(Exercise inputs begins)
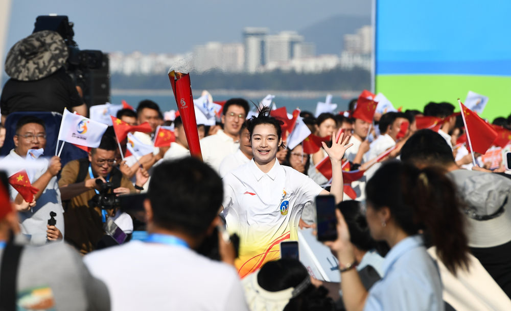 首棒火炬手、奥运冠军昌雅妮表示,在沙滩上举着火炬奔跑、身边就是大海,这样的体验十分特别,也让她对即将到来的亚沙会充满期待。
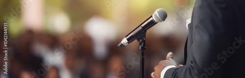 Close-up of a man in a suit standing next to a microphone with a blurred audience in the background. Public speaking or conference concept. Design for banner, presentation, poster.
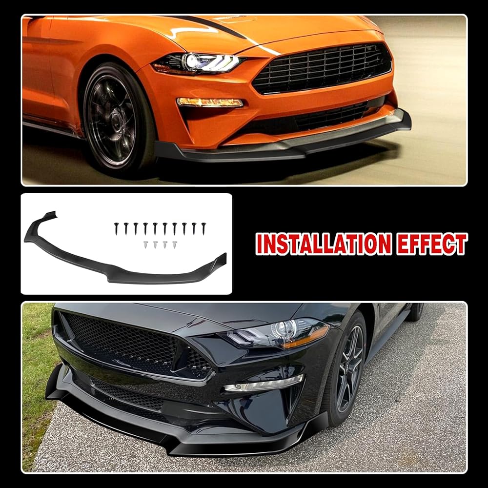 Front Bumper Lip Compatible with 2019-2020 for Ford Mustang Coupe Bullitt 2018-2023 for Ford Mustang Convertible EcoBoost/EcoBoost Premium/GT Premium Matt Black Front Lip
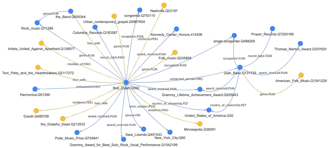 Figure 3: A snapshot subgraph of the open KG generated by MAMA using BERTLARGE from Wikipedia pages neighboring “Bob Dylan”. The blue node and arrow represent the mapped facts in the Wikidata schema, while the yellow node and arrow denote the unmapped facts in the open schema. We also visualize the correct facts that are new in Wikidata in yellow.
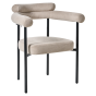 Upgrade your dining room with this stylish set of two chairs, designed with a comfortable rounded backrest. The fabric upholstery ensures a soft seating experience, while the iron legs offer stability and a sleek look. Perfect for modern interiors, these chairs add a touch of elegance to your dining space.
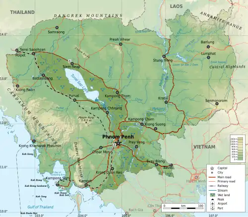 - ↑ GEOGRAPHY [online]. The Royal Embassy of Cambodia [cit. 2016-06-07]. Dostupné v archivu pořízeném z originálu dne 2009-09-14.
(Exercise inputs ends)
(Exercise inputs begins)
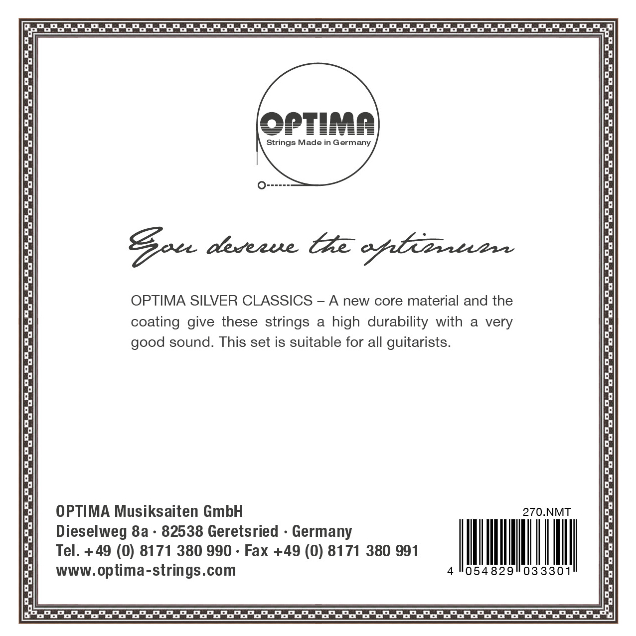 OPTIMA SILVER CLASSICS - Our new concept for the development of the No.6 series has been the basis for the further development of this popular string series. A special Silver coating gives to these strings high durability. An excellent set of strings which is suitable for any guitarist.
(Exercise inputs ends)
• What this task involves: With the pictures omitted, restate word for word the lines above from the line that has "首棒火炬手、奥运冠军昌雅妮表" up to and including the line that has "- ↑ GEOGRAPHY", and no other lines.

• Task result:
 首棒火炬手、奥运冠军昌雅妮表示,在沙滩上举着火炬奔跑、身边就是大海,这样的体验十分特别,也让她对即将到来的亚沙会充满期待。
 Close-up of a man in a suit standing next to a microphone with a blurred audience in the background. Public speaking or conference concept. Design for banner, presentation, poster.
 Front Bumper Lip Compatible with 2019-2020 for Ford Mustang Coupe Bullitt 2018-2023 for Ford Mustang Convertible EcoBoost/EcoBoost Premium/GT Premium Matt Black Front Lip
 Figure 3: A snapshot subgraph of the open KG generated by MAMA using BERTLARGE from Wikipedia pages neighboring “Bob Dylan”. The blue node and arrow represent the mapped facts in the Wikidata schema, while the yellow node and arrow denote the unmapped facts in the open schema. We also visualize the correct facts that are new in Wikidata in yellow.
 Upgrade your dining room with this stylish set of two chairs, designed with a comfortable rounded backrest. The fabric upholstery ensures a soft seating experience, while the iron legs offer stability and a sleek look. Perfect for modern interiors, these chairs add a touch of elegance to your dining space.
 - ↑ GEOGRAPHY [online]. The Royal Embassy of Cambodia [cit. 2016-06-07]. Dostupné v archivu pořízeném z originálu dne 2009-09-14.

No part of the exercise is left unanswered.